Subject: | Parser has trouble with Mbox messages which contain lines starting with 'From ' |
I'm using perl v5.8.4 on Debian sarge. This problem happens with both the 2.055 version in Debian's libmail-box-perl, which notably does not include the C parser, and a fresh 2.059 install from CPAN.
I've been using Mail::Box to convert mbox archives to Maildirs as part of our IMAP migration process. Some users have messages where the body contains a line which starts with 'From ' and ends with ', year-like-number'; these messages will be misparsed and seen as two messages - one with the real headers and the body up to the line before the From and a second message containing the remainder of the body and no headers.

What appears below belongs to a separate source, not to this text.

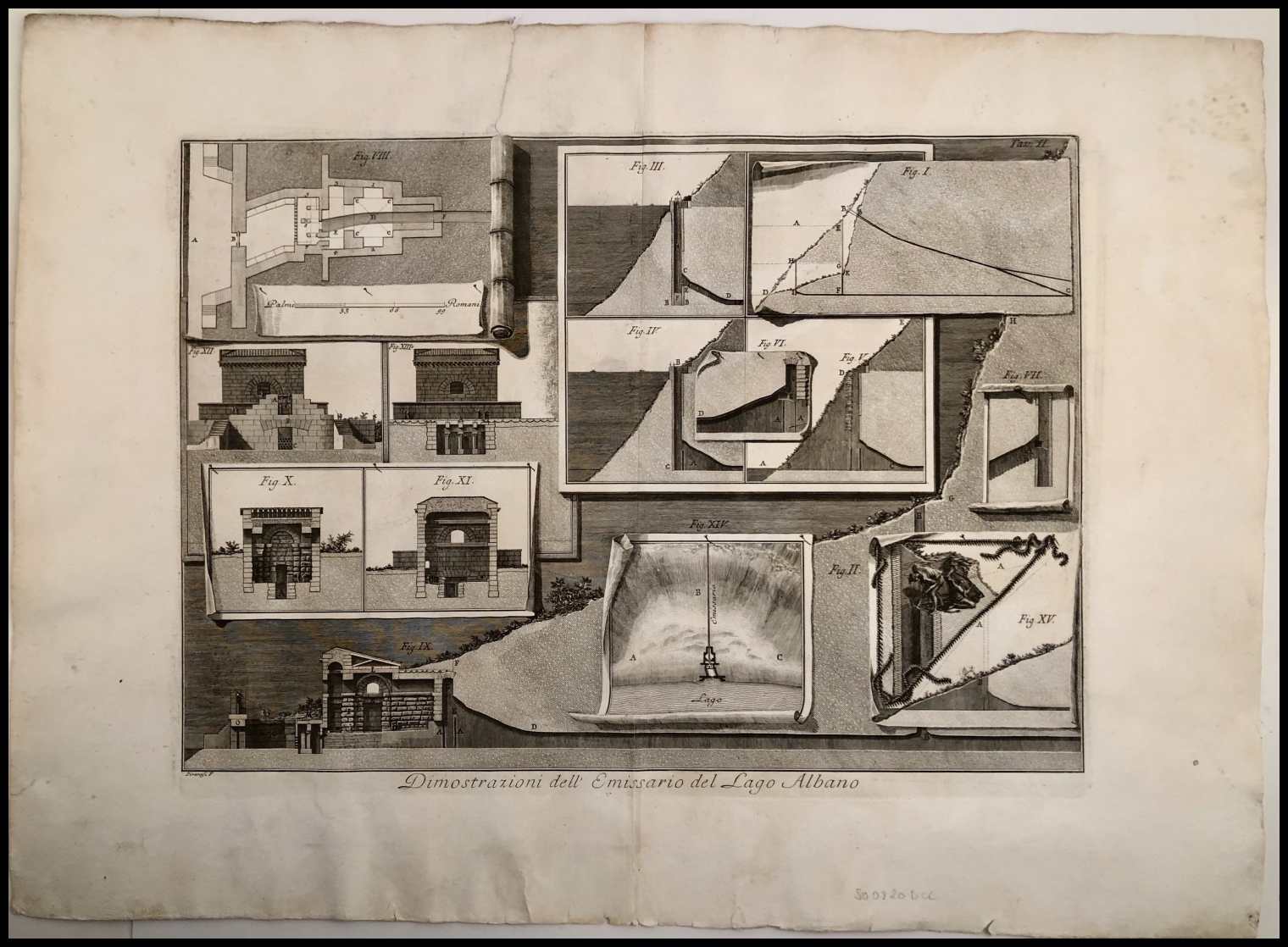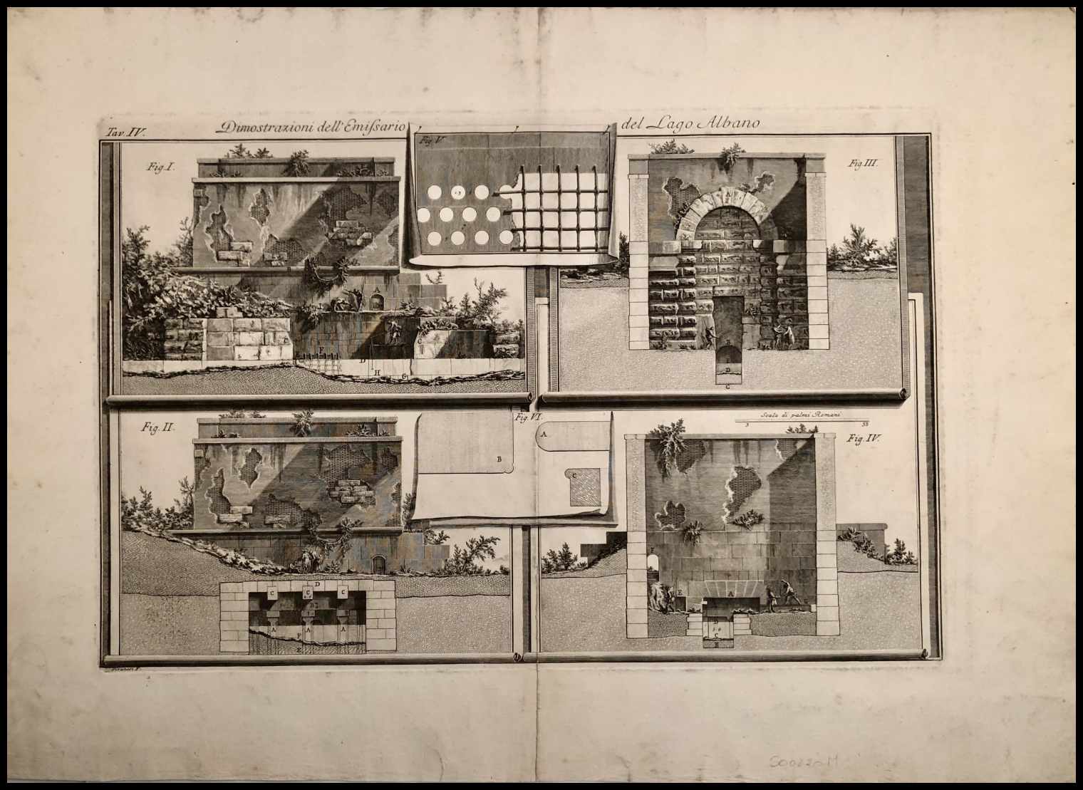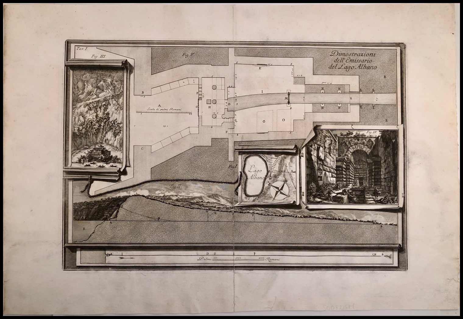 Tavola I, II e IV della serie Descrizione e disegno dell'Emissario del Lago Albano, 1762. Focillon 783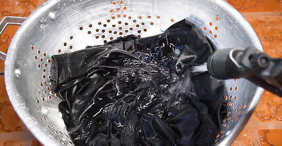 Squeeze the sleeves gently to remove excess water. Don’t twist or wring out the material, as this can damage the fibers of the fabric and stretch it out. You can even use a dry towel and fold the sleeves up in it to absorb excess water. It can take sleeves a long time to dry, so getting as much water out of them after washing will help speed up that drying time. Don’t put sleeves into the dryer or into the sun—heat can shrink and damage the latex.

Here's an example message which will be parsed as two messages:
--------------------------------------------------------------
From announcements@example.org Thu Apr 4 05:50:22 2002
Return-Path: <announcements@example.org>
From: Announcements <announcements@example.org>
To: Someone <someone@example.edu>
Subject: some message subject
Date: Thu, 4 Apr 2002 08:48:28 -0500
From something, 2002:
--------------------------------------------------------------
If that year exceeds a reasonable range (>=3000) the message will be correctly treated as a single message:
--------------------------------------------------------------
From announcements@example.org Thu Apr 4 05:50:22 2002
Return-Path: <announcements@example.org>
From: Announcements <announcements@example.org>
To: Someone <someone@example.edu>
Subject: some message subject
Date: Thu, 4 Apr 2002 08:48:28 -0500
From something, 3002:
--------------------------------------------------------------
One defense against this might be sanity-checking against Content-Length or Lines headers - the last message which I encountered had both.